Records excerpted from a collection
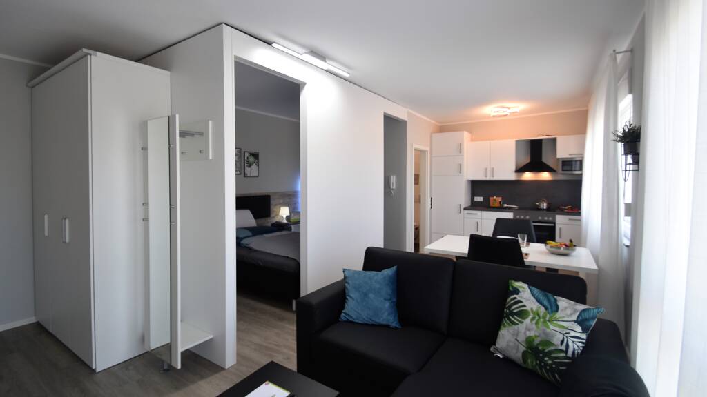 Modernes 2-Zimmer-Apartment komplett ausgestattet für Single oder Pärchen mit vorübergehendem Wohnbedarf. Buchungszeiten flexibel verlängerbar, Pauschalpreis, keine versteckten Kosten.
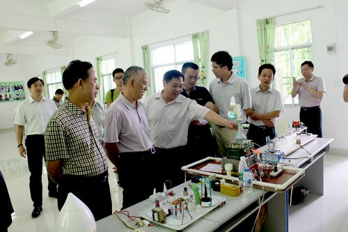 在工作室,大家参观体验了学校师生的科技创新作品,“利用特斯拉电弧演示尖端放电”的教具、仿生物学的“机器虫”、利用虹吸原理展示的“会生气的鸡蛋”……参观者都被这些作品深深吸引了。吴焕泉副主席对罗伟群老师的辛勤付出和对科技教育孜孜不倦的热情给予高度评价,希望像罗伟群老师一样的教育团队要不断发展壮大,希望山区科技教育的星星之火要不断燎原,希望边远农村地区的青少年都能插上科学翅膀在梦想的天空翱翔。
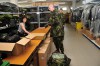 Další zastávkou novopečených vojáků je výstrojní sklad. Jejich „jezevci“ se postupně plní až k prasknutí vším potřebným, co budou v následujících měsících potřebovat. „Tohle je na zuby?“ ptá se jeden ze studentů a v ruce drží nejmenší ze čtyř vyfasovaných kartáčů. „Ano, a tady je k tomu pasta,“ přistupuje jedna z pracovnic výdejny na humornou konverzaci a ukazuje na plechovku s krémem na boty. Napůl ve vojenském opouští sklad mezi jinými i Vojtěch Blasko, absolvent ekonomky v Chocni. „Chtěl jsem zkusit něco jiného, něco zažít, zatím to byla samá čísla,“ vypočítává spolu s finančním zabezpečením důvody, které jej přivedly na Univerzitu obrany.
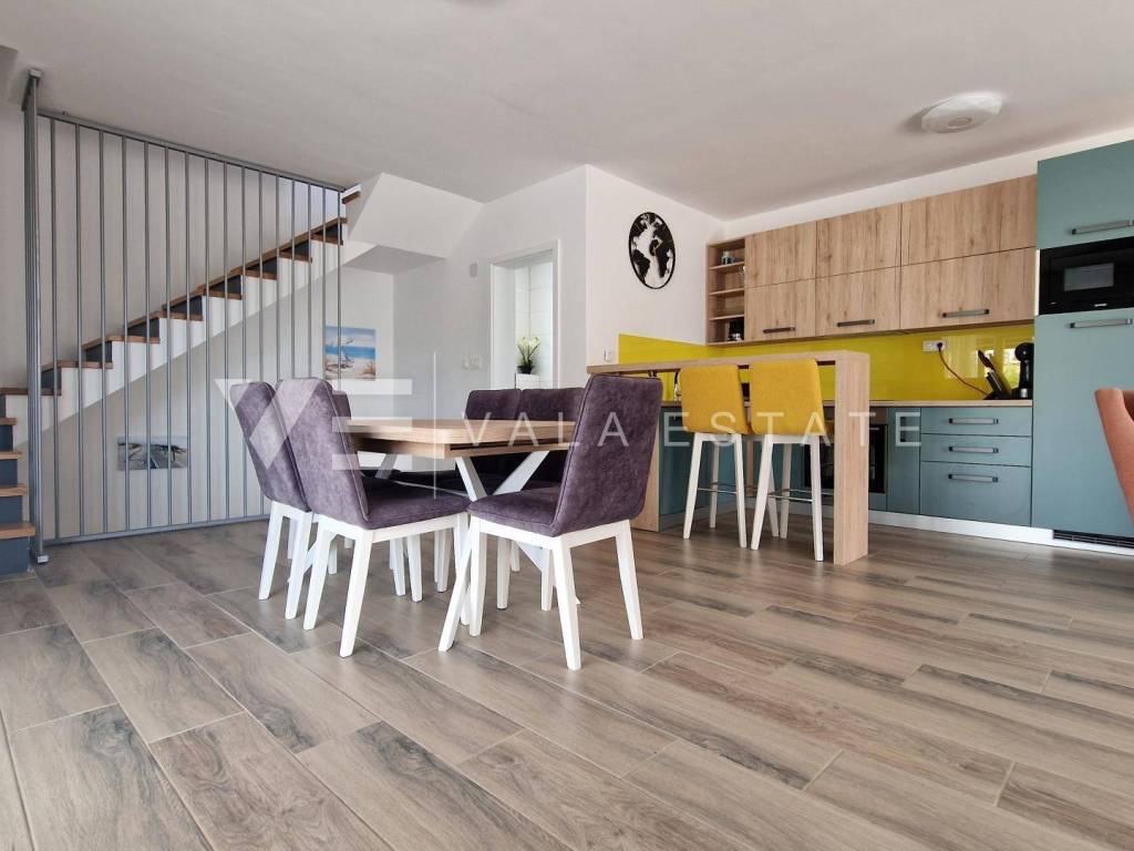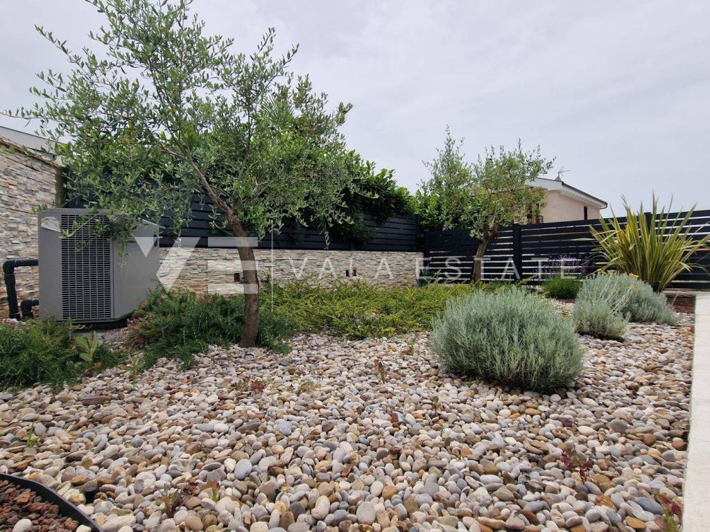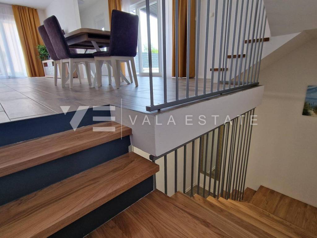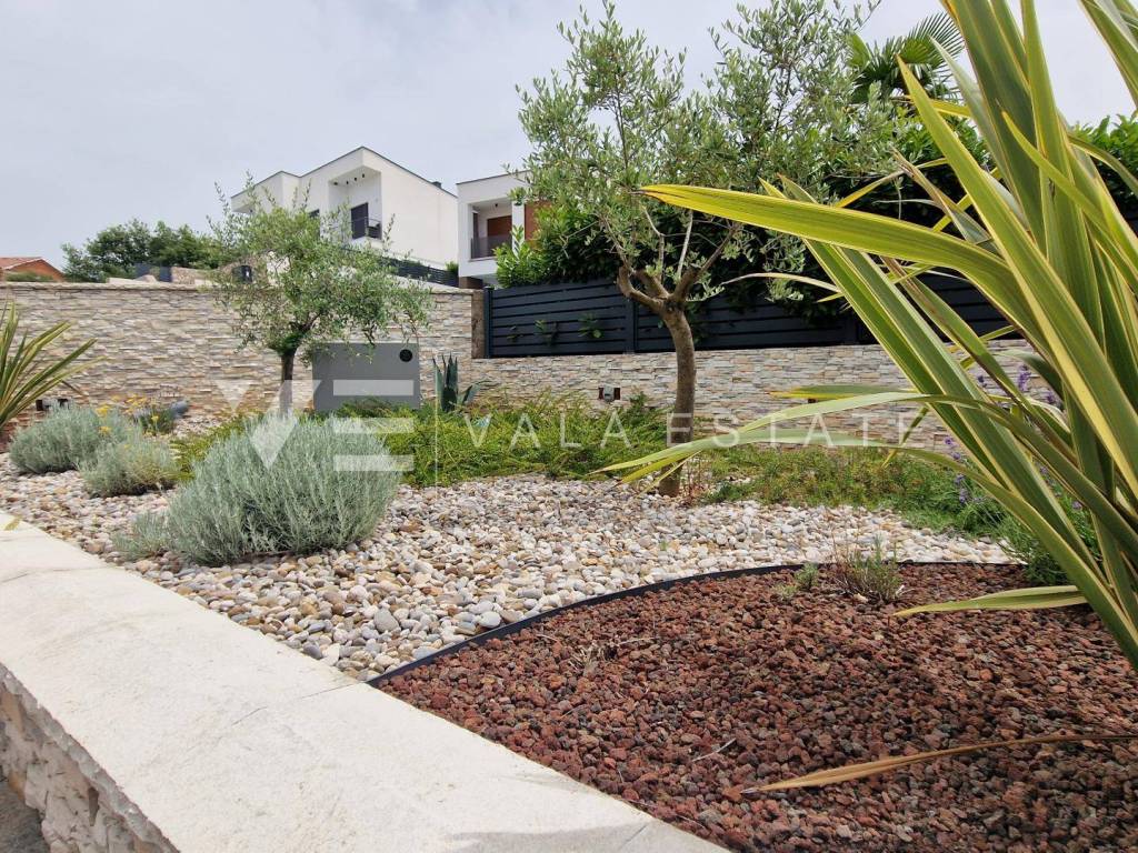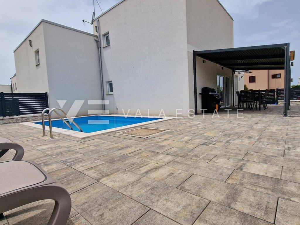 Real estate island Krk, Malinska - modern semi-detached house for sale with a beautifully landscaped garden of 250 m2, where there is a heated swimming pool with a sun deck, a terrace and one parking space. The house extends over three floors with a total living area of 122.64 m2. In the basement there are two bedrooms, a bathroom and an entrance hall. On the ground floor there is an entrance area, a toilet, a kitchen with a dining area and a large living room with access to the terrace and garden. On the floor, which is connected by an internal staircase, there is a bathroom and a large bedroom with access to the terrace. Quality construction and equipment, modern design, multisplit air conditioning, security doors and PVC joinery are just some of the excellent features of this property. It is located in a quiet location only 700 m from the sea and the town center with all facilities. This property is ideal for a real summer vacation, but it is also a good investment opportunity for tourist rental purposes.
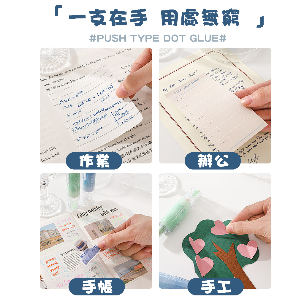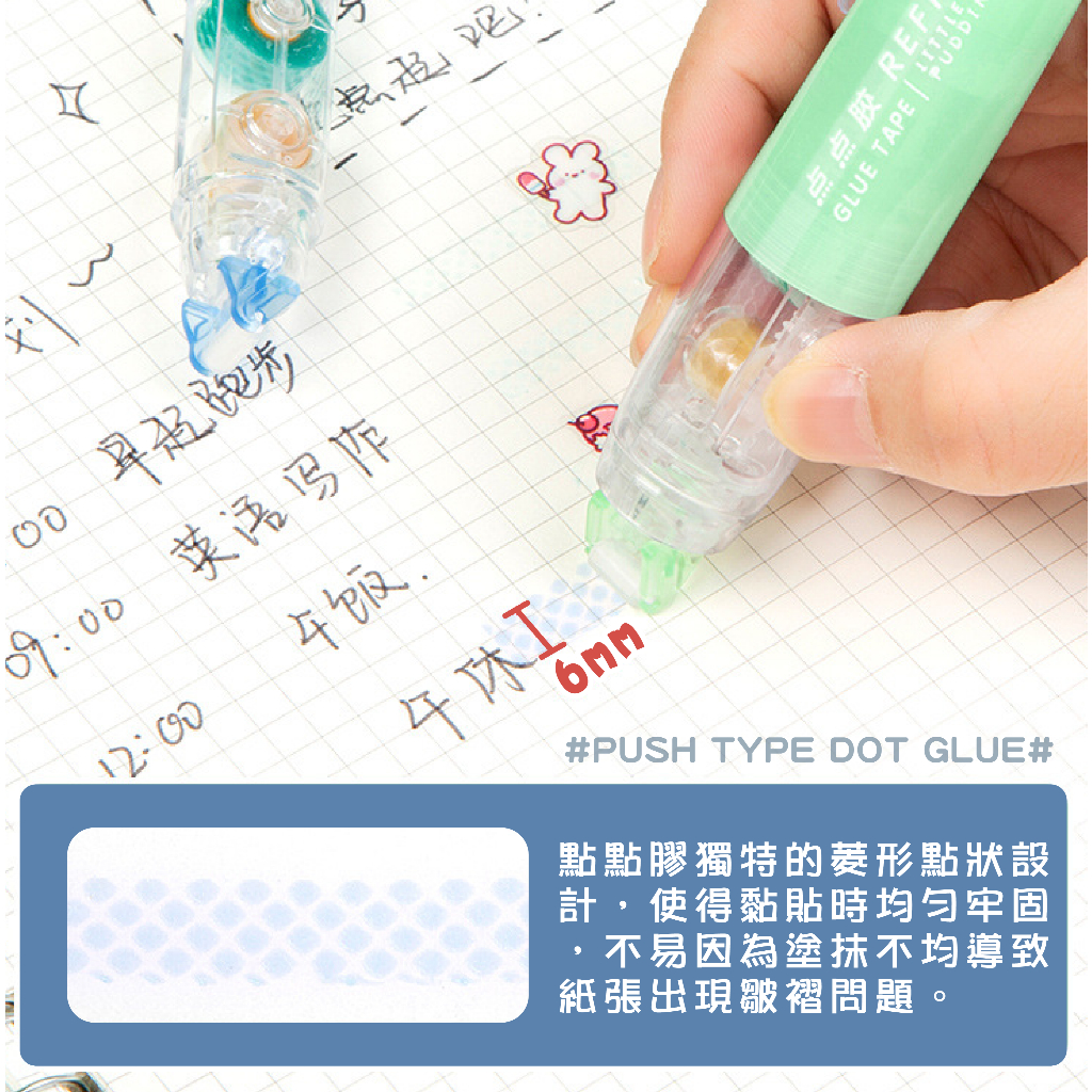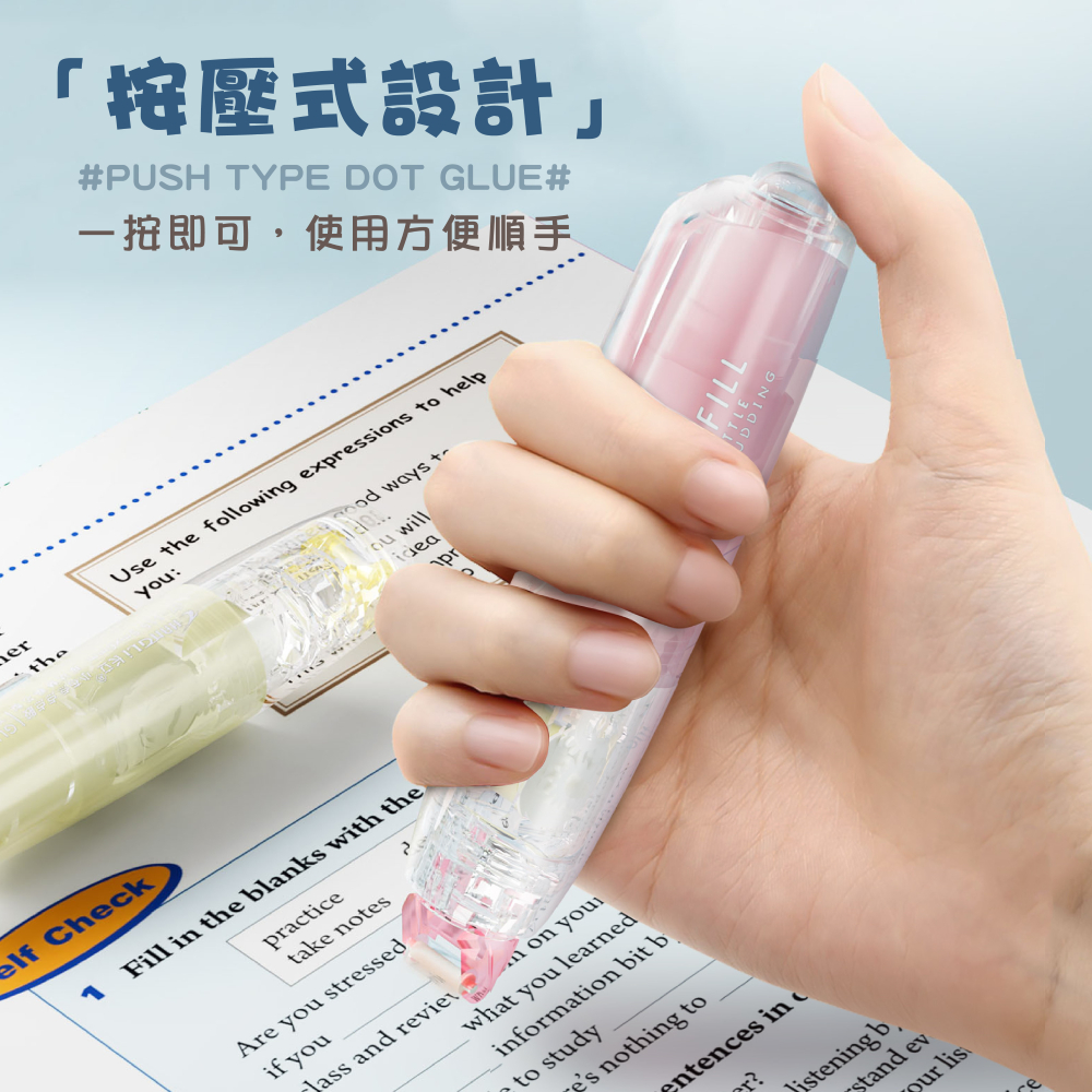 【文具小物】按動式點點膠 雙面膠 點膠筆 點點膠 豆豆貼 膠帶 膠水 速乾無痕膠 手帳工具 按動式 手帳筆杏色|藍色|粉色|白色|綠色|替換芯Strings & TapesLAVIDA 育兒好好玩!
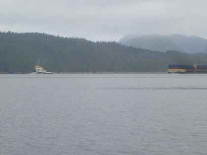 Saw several fishing boats and tug and barge passing to west of Cape Caution.

(ACTION ITEM) Please retype the lines from the one that contains "Real estate island" through the final line of the data, both included, without any pictures.

(RESULT)
 Real estate island Krk, Malinska - modern semi-detached house for sale with a beautifully landscaped garden of 250 m2, where there is a heated swimming pool with a sun deck, a terrace and one parking space. The house extends over three floors with a total living area of 122.64 m2. In the basement there are two bedrooms, a bathroom and an entrance hall. On the ground floor there is an entrance area, a toilet, a kitchen with a dining area and a large living room with access to the terrace and garden. On the floor, which is connected by an internal staircase, there is a bathroom and a large bedroom with access to the terrace. Quality construction and equipment, modern design, multisplit air conditioning, security doors and PVC joinery are just some of the excellent features of this property. It is located in a quiet location only 700 m from the sea and the town center with all facilities. This property is ideal for a real summer vacation, but it is also a good investment opportunity for tourist rental purposes.
 【文具小物】按動式點點膠 雙面膠 點膠筆 點點膠 豆豆貼 膠帶 膠水 速乾無痕膠 手帳工具 按動式 手帳筆杏色|藍色|粉色|白色|綠色|替換芯Strings & TapesLAVIDA 育兒好好玩!
 Saw several fishing boats and tug and barge passing to west of Cape Caution.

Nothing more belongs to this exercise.